Translation:Freedom is under the king's protection.
I think the point here is that freedom is upheld by the king rather than just exists; but it's all rather "grey" and your sentence, like many others, is a reasonable representation in English, but simply not in DL's database. There's also an element of idiom in the German Sentence which should give us licence to offer something idiomatic in English as a translation. Yours works for me.
More than one definition of ‘stehen’ in the Cambridge Dictionary (link) lists ‘to be’ as a possible translation. The most fitting in this context, I believe, is number 6 [emphasis in the original]:
(in Zustand, Situation) sich in einem bestimmten Zustand, einer Situation befinden
At any rate, while it may be hard to find a dictionary listing ‘to be’ under the translations for ‘stehen’ (mostly, I think, because it gives no information about its meaning and/or implicatures), you will find that, since German is almost fixated on giving details about positioning and movement of things, ‘to be’ is indeed a very common translation for ‘stehen’ (along with ‘liegen’ and ‘hängen’) especially when referring to where something or someone is.
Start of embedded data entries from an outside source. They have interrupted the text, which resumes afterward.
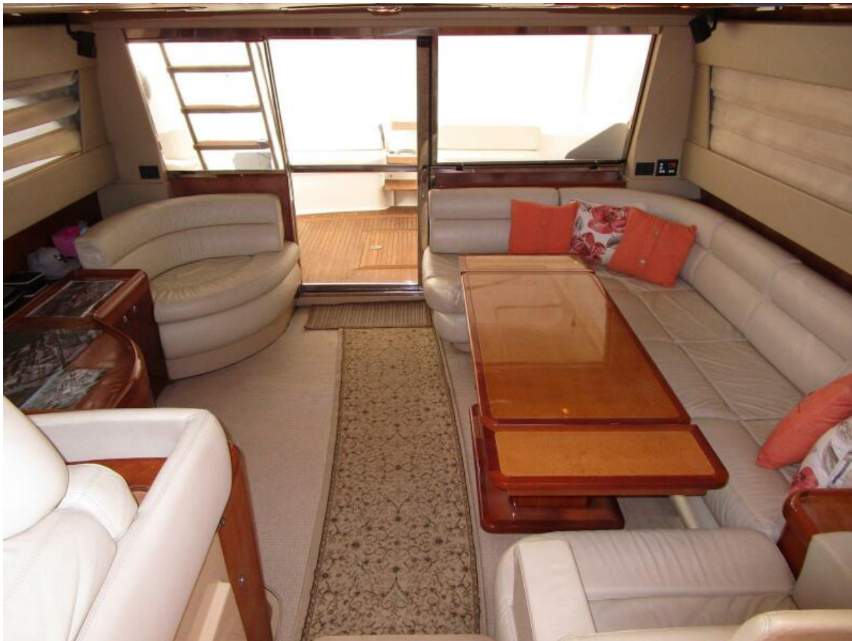
Salon Looking Out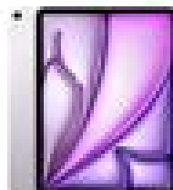
iPad Air (M3)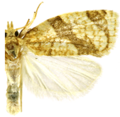
Fig. 16: Adoxophyes negundana .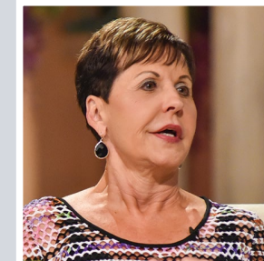
Joyce Meyer: Enjoying Everyday Life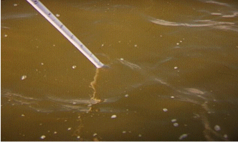
Texas Brown tide caused by Aureoumbra 3

Besides saxitoxin other algae produce a different clinical pattern: Domoic acid produced by Psuedo-Nitzischia species caused amnesic shellfish poisoning and 4 deaths on Prince William Island in Canada in 1987. Canadian authorities now monitor the levels of toxin; Ciguatera Poisoning is caused toxins produced by a number of algae species affecting human ingestion of tropical reef fish; and Diarrhea shellfish poisoning is caused by another algae toxin.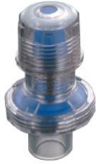
072.P.10 PEEP VALVE 2-10 cmH 2 O, ORANGE , 30M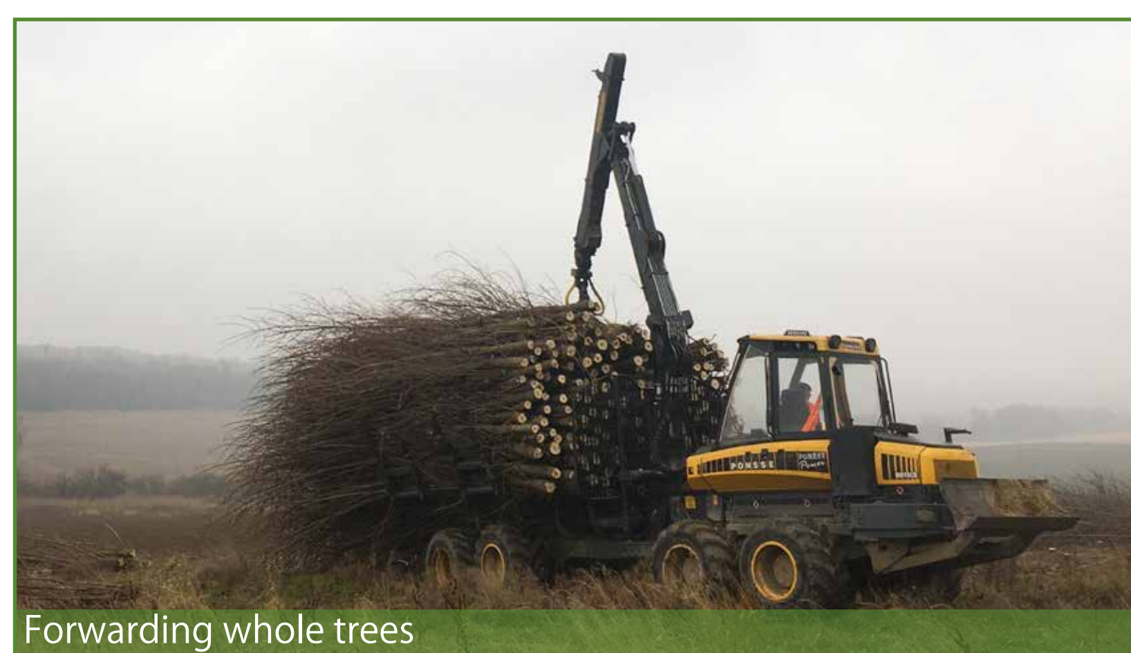
Forwarding whole trees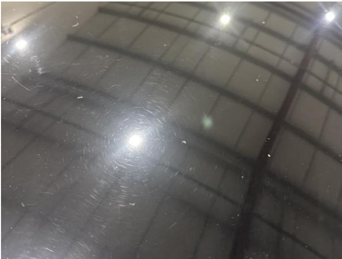
17: Roof Chipped Multiple Chips

This point has been argued above, but it boils down to idiom: i.e. what the natives do, and, what's in DL's database ."Lies", "rests" and "exists" all work for me in the English translation and I'm sure that you would still be understood if you used equivalents in German: but as Ly_Mar managed to convince me earlier, "stehen" is a pretty good idiomatic option in German and there's something resolute about "standing" against those who oppose freedom.